• Aim of the exercise
Beginning with the first line, please return the entries exactly through the line that contains "Sardar Patel Museum", and leave out all later lines.

Records contained in a dataset
______

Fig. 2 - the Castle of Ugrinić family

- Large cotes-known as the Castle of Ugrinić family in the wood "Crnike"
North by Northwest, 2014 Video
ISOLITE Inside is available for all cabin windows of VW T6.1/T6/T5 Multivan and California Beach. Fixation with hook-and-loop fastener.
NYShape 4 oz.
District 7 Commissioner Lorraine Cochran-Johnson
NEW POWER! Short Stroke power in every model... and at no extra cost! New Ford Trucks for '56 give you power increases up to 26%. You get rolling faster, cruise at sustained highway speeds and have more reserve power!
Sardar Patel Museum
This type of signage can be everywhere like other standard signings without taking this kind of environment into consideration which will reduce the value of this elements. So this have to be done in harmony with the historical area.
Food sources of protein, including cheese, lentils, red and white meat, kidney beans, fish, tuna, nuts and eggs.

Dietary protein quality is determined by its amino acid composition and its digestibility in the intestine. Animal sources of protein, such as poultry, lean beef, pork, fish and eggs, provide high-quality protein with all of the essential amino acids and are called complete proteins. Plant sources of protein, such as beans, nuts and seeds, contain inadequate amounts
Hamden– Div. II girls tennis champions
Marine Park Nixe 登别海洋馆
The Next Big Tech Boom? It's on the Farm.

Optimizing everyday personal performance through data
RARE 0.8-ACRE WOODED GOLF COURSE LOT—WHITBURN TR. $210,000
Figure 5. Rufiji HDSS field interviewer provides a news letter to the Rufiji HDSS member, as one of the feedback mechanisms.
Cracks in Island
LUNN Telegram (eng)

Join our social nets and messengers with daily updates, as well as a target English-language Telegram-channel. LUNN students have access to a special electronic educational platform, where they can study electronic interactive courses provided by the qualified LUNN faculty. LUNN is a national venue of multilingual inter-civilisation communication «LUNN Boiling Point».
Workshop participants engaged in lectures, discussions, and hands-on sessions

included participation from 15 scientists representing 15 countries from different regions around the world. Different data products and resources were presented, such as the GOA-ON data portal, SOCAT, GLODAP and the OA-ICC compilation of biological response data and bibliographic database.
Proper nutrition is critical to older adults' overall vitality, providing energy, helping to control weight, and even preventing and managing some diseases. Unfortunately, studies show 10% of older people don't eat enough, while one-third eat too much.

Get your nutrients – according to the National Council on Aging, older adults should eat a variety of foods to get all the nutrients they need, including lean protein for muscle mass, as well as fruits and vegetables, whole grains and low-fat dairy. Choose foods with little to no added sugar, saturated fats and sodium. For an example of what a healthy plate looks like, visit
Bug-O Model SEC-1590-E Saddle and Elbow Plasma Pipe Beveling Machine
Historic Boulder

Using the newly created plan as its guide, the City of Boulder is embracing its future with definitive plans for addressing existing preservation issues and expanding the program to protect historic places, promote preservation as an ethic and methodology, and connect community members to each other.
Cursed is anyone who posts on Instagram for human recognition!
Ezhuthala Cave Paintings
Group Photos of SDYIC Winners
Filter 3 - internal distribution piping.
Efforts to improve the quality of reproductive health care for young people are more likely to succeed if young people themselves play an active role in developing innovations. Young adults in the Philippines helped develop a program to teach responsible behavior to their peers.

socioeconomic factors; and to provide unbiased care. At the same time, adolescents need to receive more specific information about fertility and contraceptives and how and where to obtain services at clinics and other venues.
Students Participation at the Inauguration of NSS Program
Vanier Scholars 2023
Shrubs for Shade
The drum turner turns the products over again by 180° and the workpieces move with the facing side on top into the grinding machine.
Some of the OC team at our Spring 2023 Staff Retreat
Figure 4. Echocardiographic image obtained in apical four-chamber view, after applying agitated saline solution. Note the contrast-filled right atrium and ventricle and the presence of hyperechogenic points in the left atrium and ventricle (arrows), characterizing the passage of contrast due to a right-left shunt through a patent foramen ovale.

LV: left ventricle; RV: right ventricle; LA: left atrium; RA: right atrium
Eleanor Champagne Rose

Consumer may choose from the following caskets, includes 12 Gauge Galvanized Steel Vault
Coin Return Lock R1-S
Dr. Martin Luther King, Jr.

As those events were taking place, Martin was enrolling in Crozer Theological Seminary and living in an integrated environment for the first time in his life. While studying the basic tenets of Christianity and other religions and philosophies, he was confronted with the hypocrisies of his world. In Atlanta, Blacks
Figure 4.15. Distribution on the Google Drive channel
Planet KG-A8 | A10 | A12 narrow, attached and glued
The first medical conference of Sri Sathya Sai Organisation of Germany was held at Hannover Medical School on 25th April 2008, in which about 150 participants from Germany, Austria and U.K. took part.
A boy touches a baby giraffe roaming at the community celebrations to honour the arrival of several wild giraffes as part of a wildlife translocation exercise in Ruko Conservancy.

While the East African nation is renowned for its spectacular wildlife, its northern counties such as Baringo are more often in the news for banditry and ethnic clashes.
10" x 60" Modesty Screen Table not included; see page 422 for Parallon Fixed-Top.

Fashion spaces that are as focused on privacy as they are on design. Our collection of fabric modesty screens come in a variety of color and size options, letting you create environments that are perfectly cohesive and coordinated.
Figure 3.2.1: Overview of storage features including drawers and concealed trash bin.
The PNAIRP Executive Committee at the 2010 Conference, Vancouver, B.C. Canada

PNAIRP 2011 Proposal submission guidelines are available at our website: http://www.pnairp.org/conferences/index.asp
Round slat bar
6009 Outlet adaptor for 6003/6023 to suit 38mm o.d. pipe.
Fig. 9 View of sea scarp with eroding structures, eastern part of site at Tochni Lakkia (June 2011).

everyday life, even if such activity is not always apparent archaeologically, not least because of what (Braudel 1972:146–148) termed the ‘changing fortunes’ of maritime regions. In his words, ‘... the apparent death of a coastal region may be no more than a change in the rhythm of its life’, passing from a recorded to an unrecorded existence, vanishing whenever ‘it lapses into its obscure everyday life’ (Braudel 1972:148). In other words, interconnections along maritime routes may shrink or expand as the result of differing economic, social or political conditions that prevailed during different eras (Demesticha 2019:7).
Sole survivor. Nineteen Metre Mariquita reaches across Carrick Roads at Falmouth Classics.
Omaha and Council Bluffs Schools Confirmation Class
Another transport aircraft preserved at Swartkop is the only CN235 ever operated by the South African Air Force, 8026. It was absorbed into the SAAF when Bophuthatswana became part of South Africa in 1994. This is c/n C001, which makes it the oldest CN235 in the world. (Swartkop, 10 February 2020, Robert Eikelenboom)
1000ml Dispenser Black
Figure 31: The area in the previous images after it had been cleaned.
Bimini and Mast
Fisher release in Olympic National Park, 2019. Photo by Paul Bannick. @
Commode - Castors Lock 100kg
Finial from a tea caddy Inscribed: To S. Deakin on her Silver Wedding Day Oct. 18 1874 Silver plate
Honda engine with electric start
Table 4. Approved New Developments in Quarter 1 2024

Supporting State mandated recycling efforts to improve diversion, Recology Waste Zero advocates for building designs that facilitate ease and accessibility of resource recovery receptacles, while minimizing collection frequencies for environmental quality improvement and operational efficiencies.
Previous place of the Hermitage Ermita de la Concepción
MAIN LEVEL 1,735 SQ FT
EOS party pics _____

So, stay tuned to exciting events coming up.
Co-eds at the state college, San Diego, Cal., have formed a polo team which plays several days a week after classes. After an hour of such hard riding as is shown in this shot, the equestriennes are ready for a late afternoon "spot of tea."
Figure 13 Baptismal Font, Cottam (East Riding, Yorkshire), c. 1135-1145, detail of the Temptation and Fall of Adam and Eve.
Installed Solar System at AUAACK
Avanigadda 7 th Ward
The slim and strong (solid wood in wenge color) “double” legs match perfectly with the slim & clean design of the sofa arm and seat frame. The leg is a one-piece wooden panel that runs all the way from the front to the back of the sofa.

______

• Exercise answer
Fig. 2 - the Castle of Ugrinić family

- Large cotes-known as the Castle of Ugrinić family in the wood "Crnike"
North by Northwest, 2014 Video
ISOLITE Inside is available for all cabin windows of VW T6.1/T6/T5 Multivan and California Beach. Fixation with hook-and-loop fastener.
NYShape 4 oz.
District 7 Commissioner Lorraine Cochran-Johnson
NEW POWER! Short Stroke power in every model... and at no extra cost! New Ford Trucks for '56 give you power increases up to 26%. You get rolling faster, cruise at sustained highway speeds and have more reserve power!
Sardar Patel Museum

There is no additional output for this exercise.